### Task instructions
Nothing but text lines should be duplicated: start with the first line of the listing below and stop after the line holding "Unsere Hundeführer:innen Stefan", omitting pictures.

### Given data
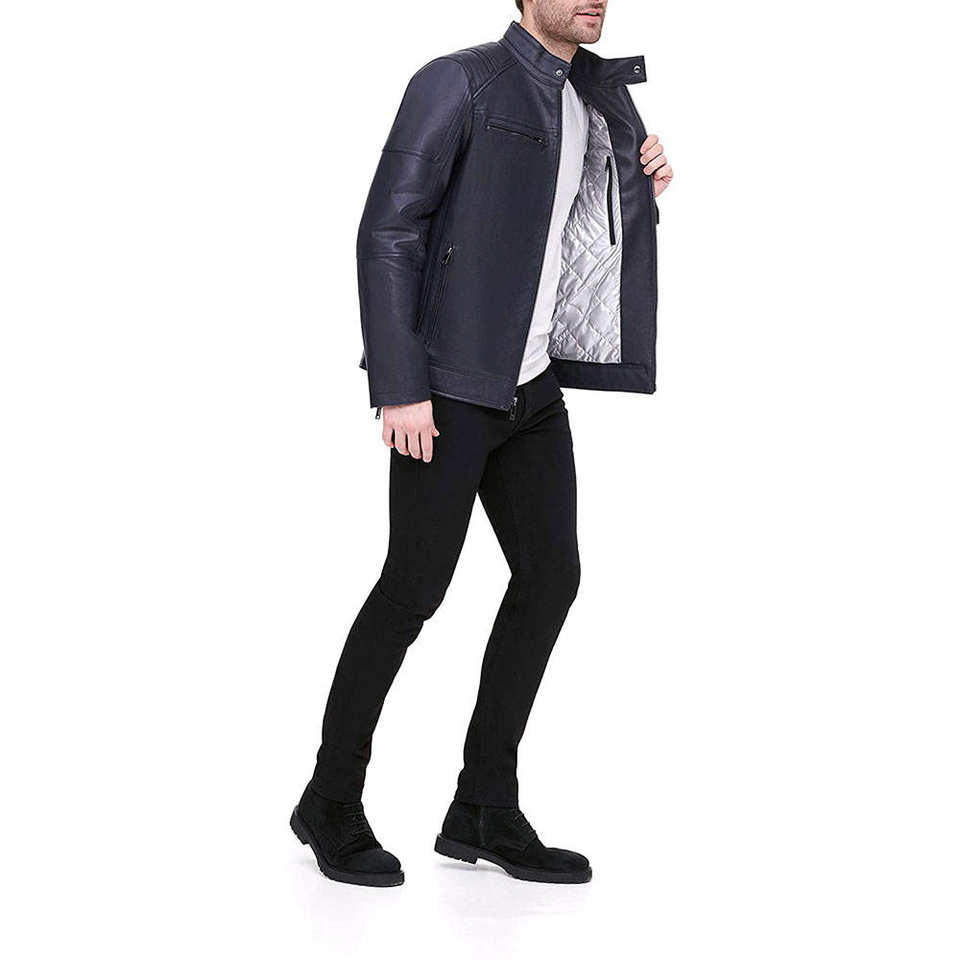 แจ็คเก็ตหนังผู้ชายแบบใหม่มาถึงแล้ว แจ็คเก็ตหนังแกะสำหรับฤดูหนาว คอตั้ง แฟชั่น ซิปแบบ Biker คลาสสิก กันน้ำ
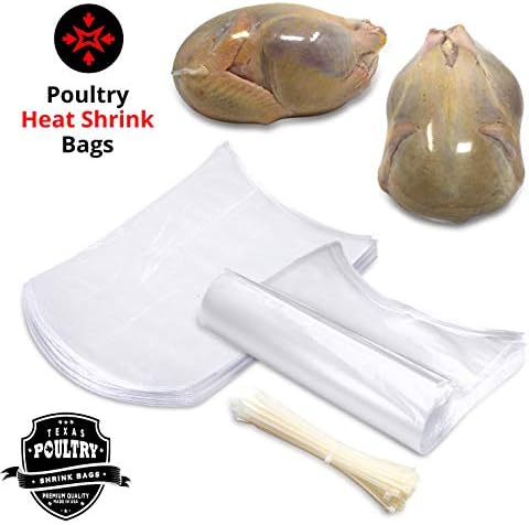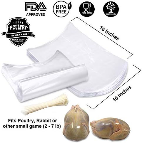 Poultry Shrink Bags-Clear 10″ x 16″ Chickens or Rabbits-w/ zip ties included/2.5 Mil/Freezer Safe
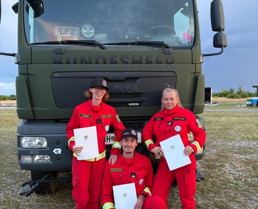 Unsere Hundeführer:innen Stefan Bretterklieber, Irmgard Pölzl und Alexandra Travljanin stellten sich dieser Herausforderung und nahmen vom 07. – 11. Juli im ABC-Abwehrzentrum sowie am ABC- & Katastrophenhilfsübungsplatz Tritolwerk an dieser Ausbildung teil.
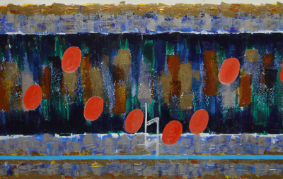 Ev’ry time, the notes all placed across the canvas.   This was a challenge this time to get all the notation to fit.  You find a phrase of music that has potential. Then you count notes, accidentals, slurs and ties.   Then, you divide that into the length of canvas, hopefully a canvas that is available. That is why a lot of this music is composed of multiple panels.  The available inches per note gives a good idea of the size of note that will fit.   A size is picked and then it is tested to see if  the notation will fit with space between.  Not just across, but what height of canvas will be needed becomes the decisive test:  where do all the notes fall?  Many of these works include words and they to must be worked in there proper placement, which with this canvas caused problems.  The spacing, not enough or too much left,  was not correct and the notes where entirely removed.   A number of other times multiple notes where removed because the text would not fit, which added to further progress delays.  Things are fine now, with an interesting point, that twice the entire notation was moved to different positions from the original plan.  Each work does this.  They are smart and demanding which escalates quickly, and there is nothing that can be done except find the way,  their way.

### Solution for this exercise
 แจ็คเก็ตหนังผู้ชายแบบใหม่มาถึงแล้ว แจ็คเก็ตหนังแกะสำหรับฤดูหนาว คอตั้ง แฟชั่น ซิปแบบ Biker คลาสสิก กันน้ำ
 Poultry Shrink Bags-Clear 10″ x 16″ Chickens or Rabbits-w/ zip ties included/2.5 Mil/Freezer Safe
 Unsere Hundeführer:innen Stefan Bretterklieber, Irmgard Pölzl und Alexandra Travljanin stellten sich dieser Herausforderung und nahmen vom 07. – 11. Juli im ABC-Abwehrzentrum sowie am ABC- & Katastrophenhilfsübungsplatz Tritolwerk an dieser Ausbildung teil.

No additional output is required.